### Supplied data

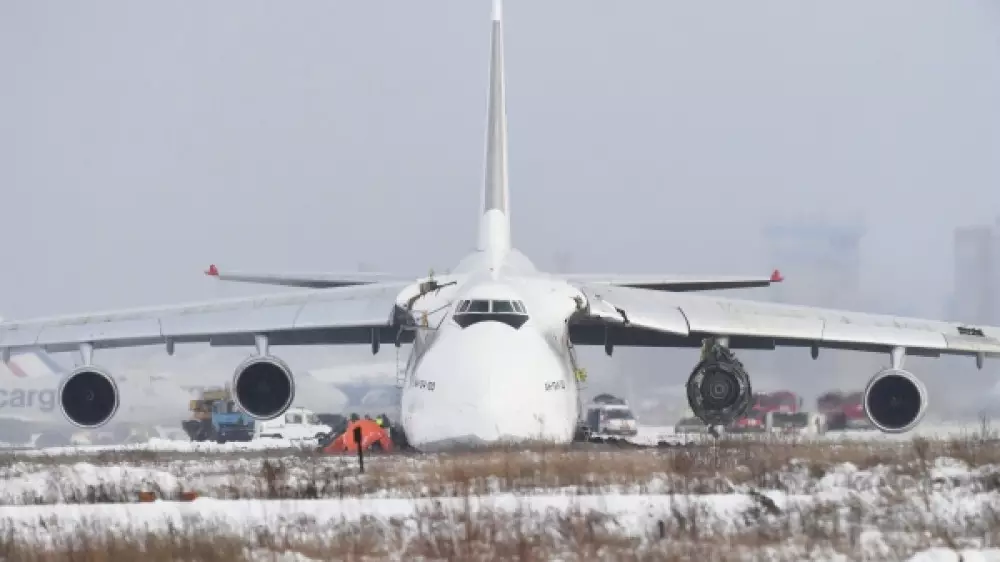 "Самолет авиакомпании "Волга-Днепр" Ан-124 после взлета по маршруту Новосибирск - Вена совершил вынужденную посадку. В связи с имеющими неполадками в двигателе #2 экипаж принял решение о возврате в аэропорт вылета. При приземлении произошло выкатывание воздушного судна за пределы взлетно-посадочной полосы. По предварительной информации, при посадке произошло повреждение пневматиков и левой основной стойки", - сказала представитель Росавиации.
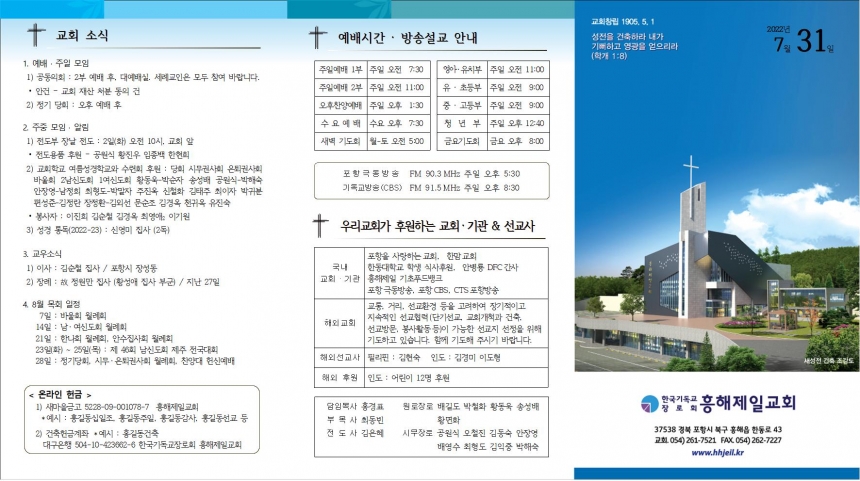 2. ÁÖÁß ¸ðÀÓ ¡¤ ¾Ë¸² 1) ÀüµµºÎ À峯 Àüµµ : 2ÀÏ(È) ¿ÀÀü 10½Ã, ±³È¸ ¾Õ ⦁Àüµµ¿ëǰ ÈÄ¿ø – °ø¿ø½Ä ȲÁø¿ì ÀÓÁ¾¹é ÇÑÇöÈñ 2) ±³È¸Çб³ ¿©¸§¼º°æÇб³¿Í ¼ö·Ãȸ ÈÄ¿ø : ´çȸ ½Ã¹«±Ç»çȸ ÀºÅð±Ç»çȸ ¹Ù¿ïȸ 2³²½ÅµµÈ¸ 1¿©½ÅµµÈ¸ Ȳµ¿¿í-¹Ú¼øÀÚ ¼Û¼º¹è °ø¿ø½Ä-¹ÚÇØ¼÷ ¾ÈÀ念-³²Á¤Èñ ÃÖÇüµµ-¹Ú¸»ÀÚ ÁÖÁø¿Á ½ÅÃ¶È ±èÅÂÁÖ ÃÖÀÌÀÚ ¹Ú±ÍºÐ Æí¼ºÁØ-±èÁ¤¶õ ÀåÁ¤È¯-±è¿Ü¼± ¹®¼øÁ¶ ±è°æ¿Á õ±Í¿Á À¯Áø¼÷ ⦁ºÀ»çÀÚ : ÀÌÁøÈñ ±è¼øÃ¶ ±è°æ¿Á ÃÖ¿µ¾Ö2 ÀÌ±â¿ø 3) ¼º°æ Åëµ¶(2022-23) : ½Å¿µ¹Ì Áý»ç (2µ¶)
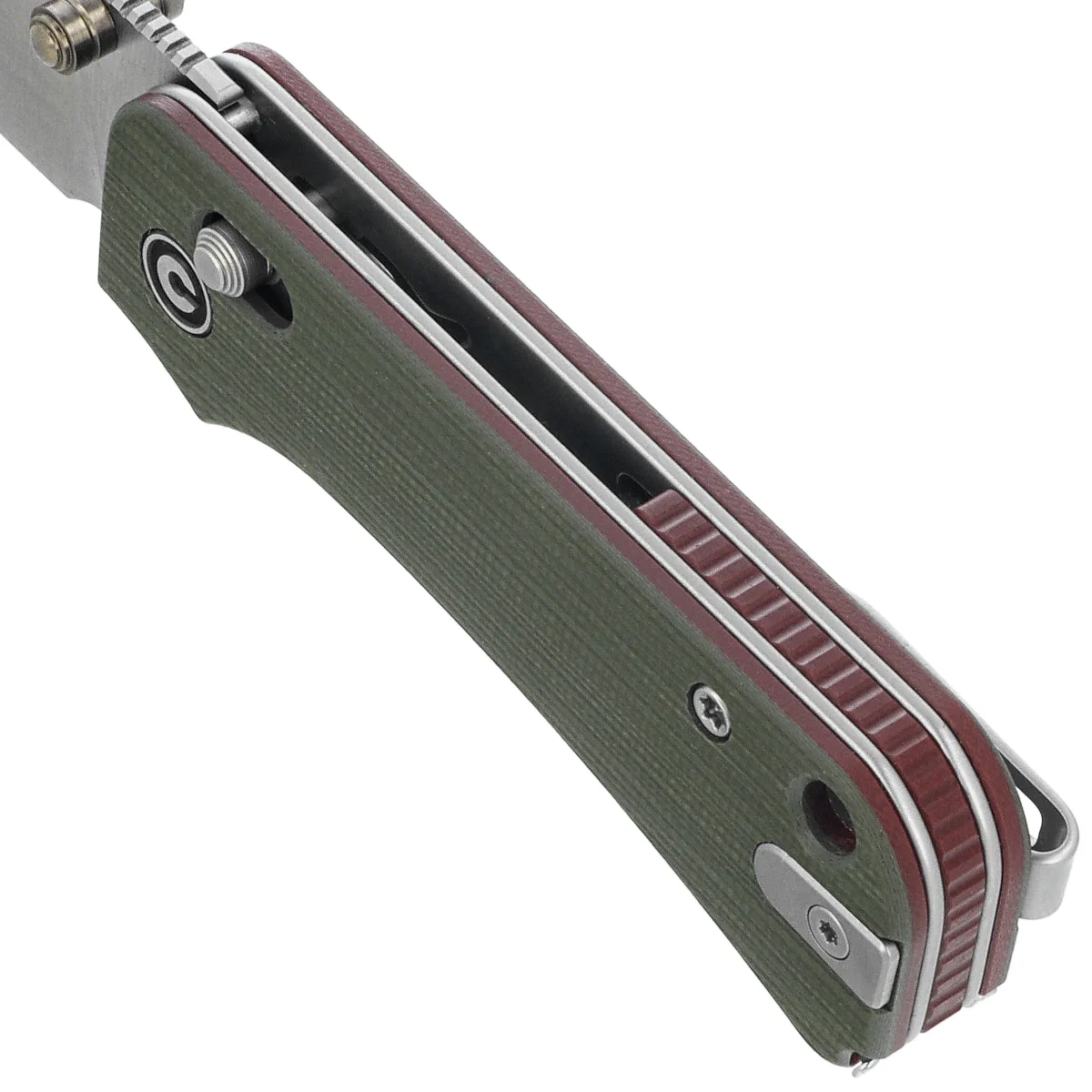 Handle - two durable pieces of G10 composite. The whole bolted to a solid backspacer, also made of G10. The pivot axis is decorated with a stylized Civivi brand logo. A two-position left/right metal deep-carry clip allows you to carry the knife discreetly in your pocket in tip-up position (blade tip up). Hidden in the Handle are two useful tools, a steel tweezer and a toothpick. On the back of the Handle lanyard hole , a hole for a rope.
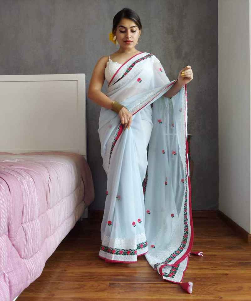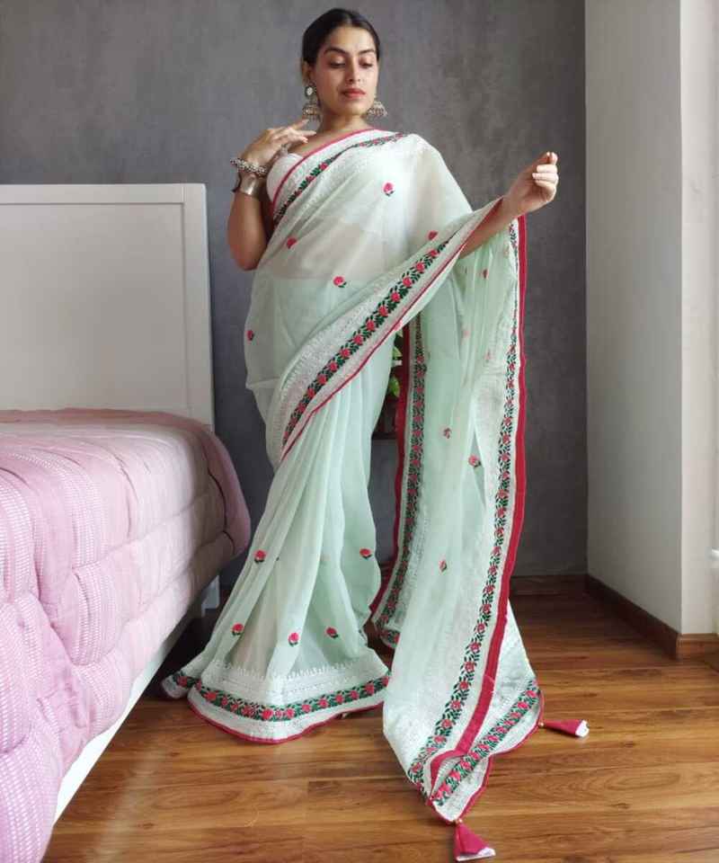 ผ้าฝ้าย, ผ้าไหม, ผ้าลินิน, โพลีเอสเตอร์, ไหมสังเคราะห์, สารละลาย้เหนียว, ผ้าขนสัตว์ชนิดหนึ่ง, ไนลอน, Pallu Chinon และกระโปรง rangoli, georgette, ชีฟอง, Chinon, ผ้าไหมฐานผ้าวัสดุ
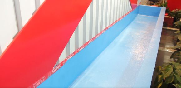 现在,HWR101高耐水小蓝桶不仅攻克了普通水性防水材料无法长期浸水的技术难题,也保障了施工师傅和用户的健康。据了解,HWR101高耐水小蓝桶解决了水性防水涂料长期浸水后易溶胀、鼓泡问题,是全球范围内首款适用于泳池、景观水池、饮用水池、消防水池等长期浸水环境的水性防水材料。
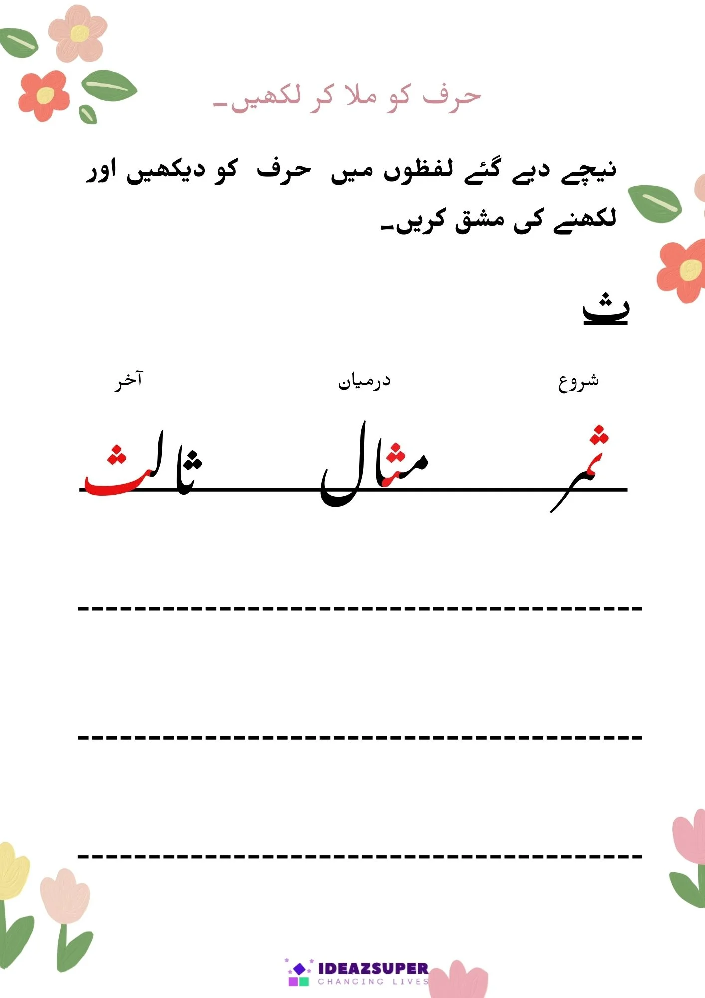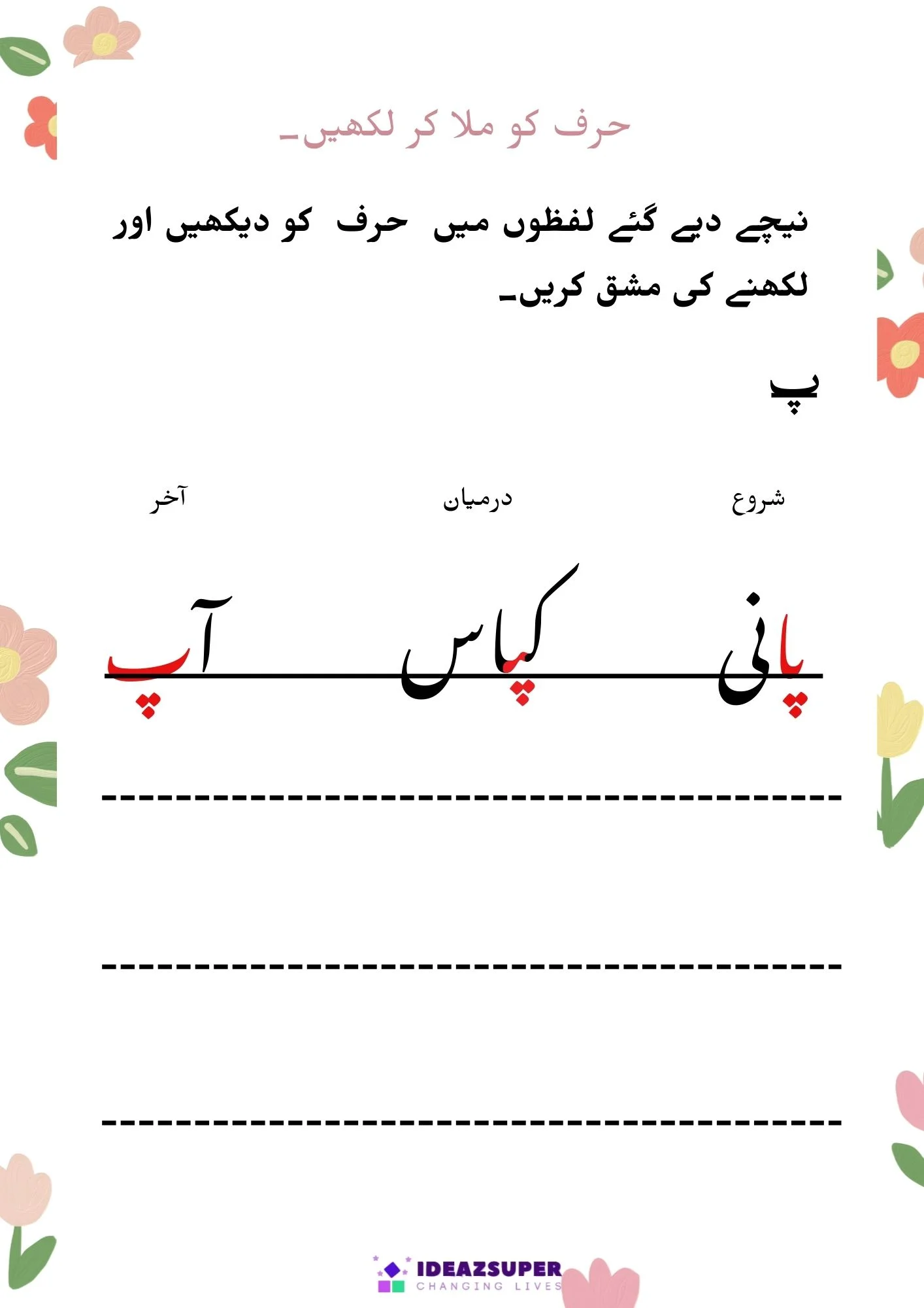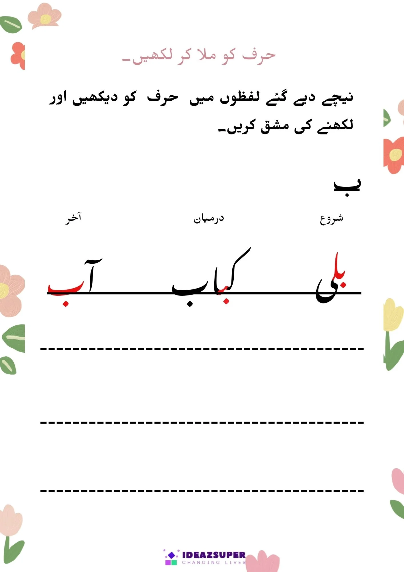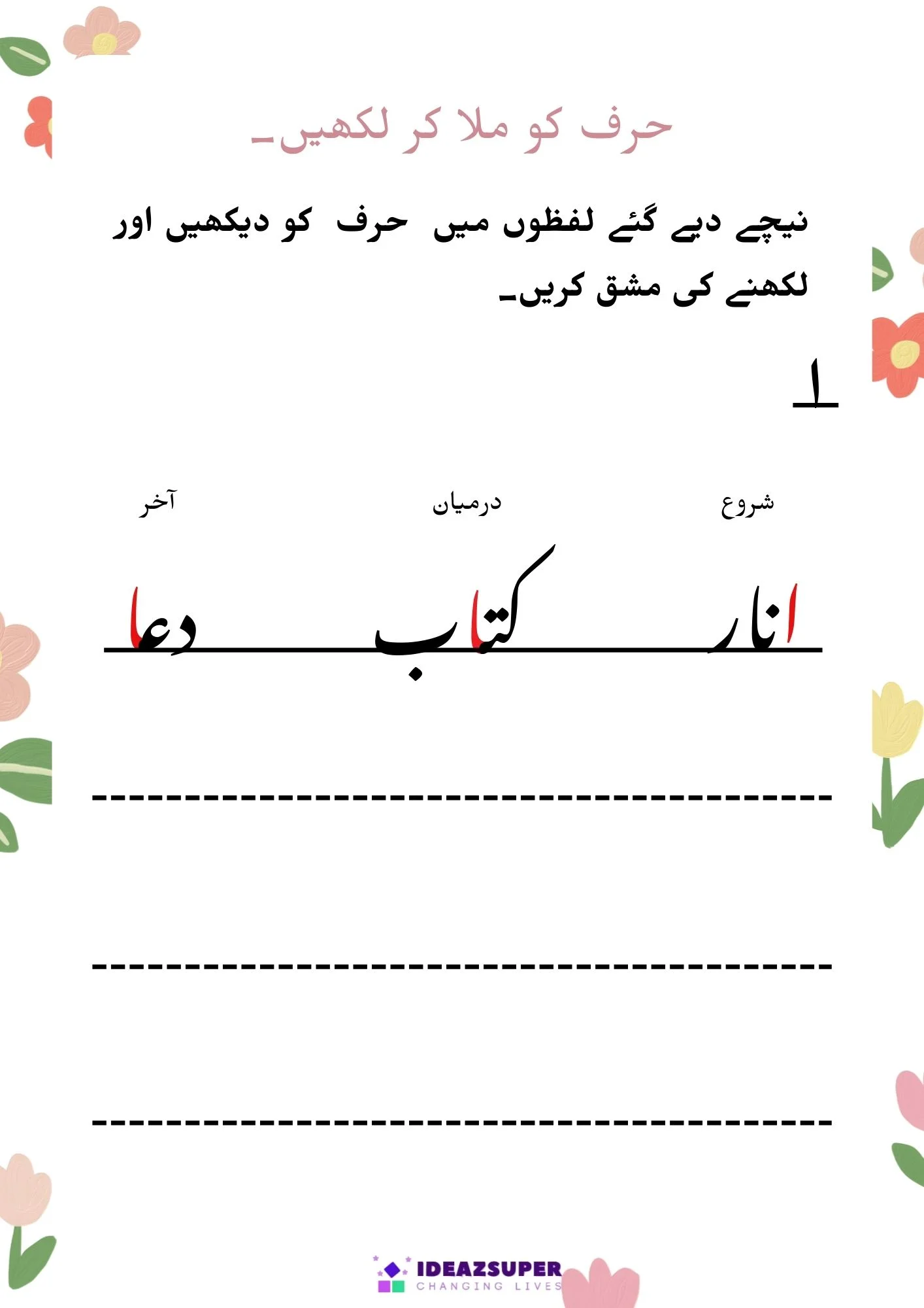 یہ ورک شیٹس بچوں کو اردو الفاظ میں شروع، درمیان اور آخر کے حروف کی آسان اور دلچسپ انداز میں پہچان سکھاتی ہیں۔ یہ سرگرمیاں پری اسکول اور کنڈرگارٹن بچوں کی اردو ریڈنگ، فونکس اور لفظ سازی کی صلاحیت کو بہتر بناتی ہیں۔

### What this task involves
Your reply should be the full data above, copied exactly, with no pictures in it.

### Worked solution
 "Самолет авиакомпании "Волга-Днепр" Ан-124 после взлета по маршруту Новосибирск - Вена совершил вынужденную посадку. В связи с имеющими неполадками в двигателе #2 экипаж принял решение о возврате в аэропорт вылета. При приземлении произошло выкатывание воздушного судна за пределы взлетно-посадочной полосы. По предварительной информации, при посадке произошло повреждение пневматиков и левой основной стойки", - сказала представитель Росавиации.
 2. ÁÖÁß ¸ðÀÓ ¡¤ ¾Ë¸² 1) ÀüµµºÎ À峯 Àüµµ : 2ÀÏ(È) ¿ÀÀü 10½Ã, ±³È¸ ¾Õ ⦁Àüµµ¿ëǰ ÈÄ¿ø – °ø¿ø½Ä ȲÁø¿ì ÀÓÁ¾¹é ÇÑÇöÈñ 2) ±³È¸Çб³ ¿©¸§¼º°æÇб³¿Í ¼ö·Ãȸ ÈÄ¿ø : ´çȸ ½Ã¹«±Ç»çȸ ÀºÅð±Ç»çȸ ¹Ù¿ïȸ 2³²½ÅµµÈ¸ 1¿©½ÅµµÈ¸ Ȳµ¿¿í-¹Ú¼øÀÚ ¼Û¼º¹è °ø¿ø½Ä-¹ÚÇØ¼÷ ¾ÈÀ念-³²Á¤Èñ ÃÖÇüµµ-¹Ú¸»ÀÚ ÁÖÁø¿Á ½ÅÃ¶È ±èÅÂÁÖ ÃÖÀÌÀÚ ¹Ú±ÍºÐ Æí¼ºÁØ-±èÁ¤¶õ ÀåÁ¤È¯-±è¿Ü¼± ¹®¼øÁ¶ ±è°æ¿Á õ±Í¿Á À¯Áø¼÷ ⦁ºÀ»çÀÚ : ÀÌÁøÈñ ±è¼øÃ¶ ±è°æ¿Á ÃÖ¿µ¾Ö2 ÀÌ±â¿ø 3) ¼º°æ Åëµ¶(2022-23) : ½Å¿µ¹Ì Áý»ç (2µ¶)
 Handle - two durable pieces of G10 composite. The whole bolted to a solid backspacer, also made of G10. The pivot axis is decorated with a stylized Civivi brand logo. A two-position left/right metal deep-carry clip allows you to carry the knife discreetly in your pocket in tip-up position (blade tip up). Hidden in the Handle are two useful tools, a steel tweezer and a toothpick. On the back of the Handle lanyard hole , a hole for a rope.
 ผ้าฝ้าย, ผ้าไหม, ผ้าลินิน, โพลีเอสเตอร์, ไหมสังเคราะห์, สารละลาย้เหนียว, ผ้าขนสัตว์ชนิดหนึ่ง, ไนลอน, Pallu Chinon และกระโปรง rangoli, georgette, ชีฟอง, Chinon, ผ้าไหมฐานผ้าวัสดุ
 现在,HWR101高耐水小蓝桶不仅攻克了普通水性防水材料无法长期浸水的技术难题,也保障了施工师傅和用户的健康。据了解,HWR101高耐水小蓝桶解决了水性防水涂料长期浸水后易溶胀、鼓泡问题,是全球范围内首款适用于泳池、景观水池、饮用水池、消防水池等长期浸水环境的水性防水材料。
 یہ ورک شیٹس بچوں کو اردو الفاظ میں شروع، درمیان اور آخر کے حروف کی آسان اور دلچسپ انداز میں پہچان سکھاتی ہیں۔ یہ سرگرمیاں پری اسکول اور کنڈرگارٹن بچوں کی اردو ریڈنگ، فونکس اور لفظ سازی کی صلاحیت کو بہتر بناتی ہیں۔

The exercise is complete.